En una Argentina que se revuelca en su propio lodo, la discusión central de las últimas semanas pasó, una vez más, por la estigmatización de la pobreza y un intento de enfrentar a una parte de la sociedad con los que menos recursos y oportunidades tienen. De Juan Zabaleta a Horacio Rodríguez Larreta, de Luís D'Elía a Viviana Canosa, se escucharon voces de todos los rincones despotricando contra el acampe con el que organizaciones de izquierda que no forman parte del Gobierno paralizaron el centro neurálgico de la CABA durante 48 horas. La novedad fue lo lejos que llegaron esos discursos, que pasaron del plano retórico a acciones concretas como proyectos de ley para quitarle planes a manifestantes. Lo de siempre fue la hipocresía del PRO, que otra vez siendo oposición salió a disparar bengalas de humo mediáticas completamente contradictorias con lo que fue su gestión de gobierno.

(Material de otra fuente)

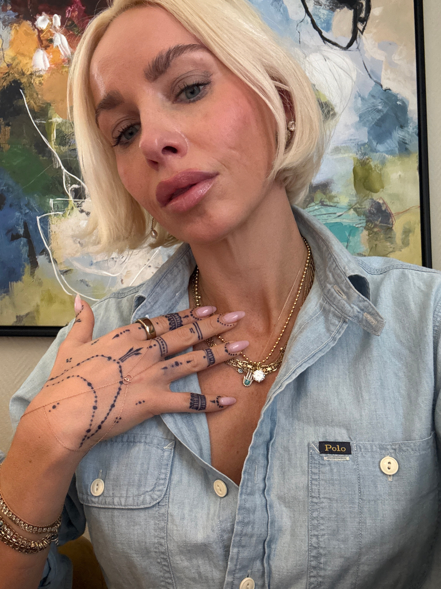 A woman with blonde hair is lying on her side, partially on an abstract painting in a framed black border. She is wearing a light blue button-down shirt, gold necklaces, and a gold bracelet. She has h…read more
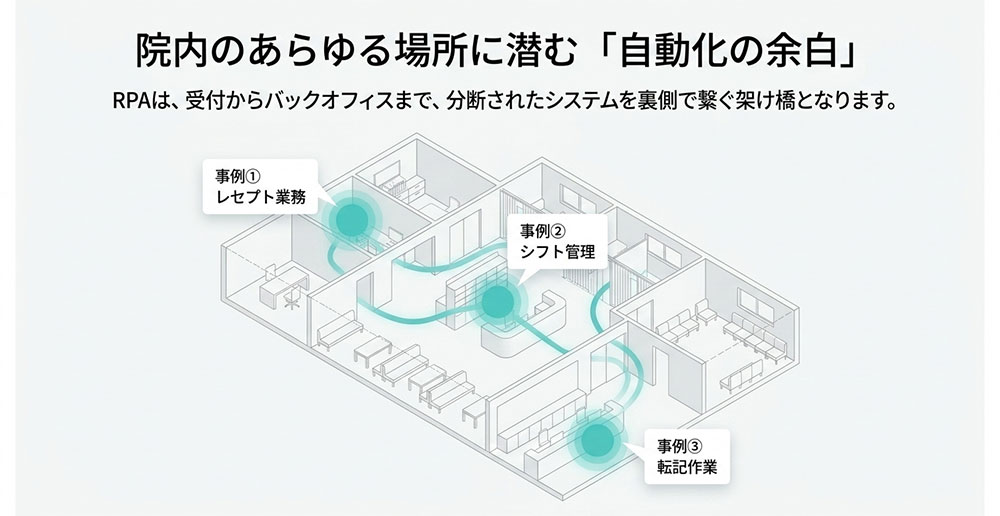 この記事では、「医療RPAってそもそも何?」という基本から、レセプト処理・シフト管理・問診票入力など具体的な活用事例、そして導入を成功させるためのポイントまでを、できるだけわかりやすくお伝えします。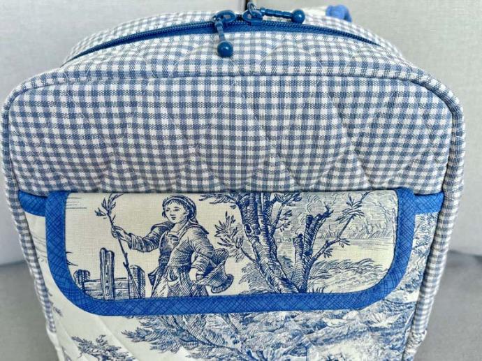 WHAT WE LOVED: Annie had this to say, "Kicki did a beautiful job on this classic blue and white Back At Ya! It is SO very lovely. I was happy to hear how well the bag suits her needs and enjoyed seeing how she customized her backpack using the straps from Out and About. Thanks, Kicki, for sharing so many photos of all parts of your fabulous backpack!"

Y es que durante la gestión Macri, los planes sociales no solo aumentaron a más del doble de los que había entregado CFK en 2015 sino que además pasaron a ser administrados por las organizaciones sociales en lugar del Estado. Justamente lo que criticó esta semana el Jefe de Gobierno porteño, en una de sus ya recurrentes disgresiones de memoria selectiva.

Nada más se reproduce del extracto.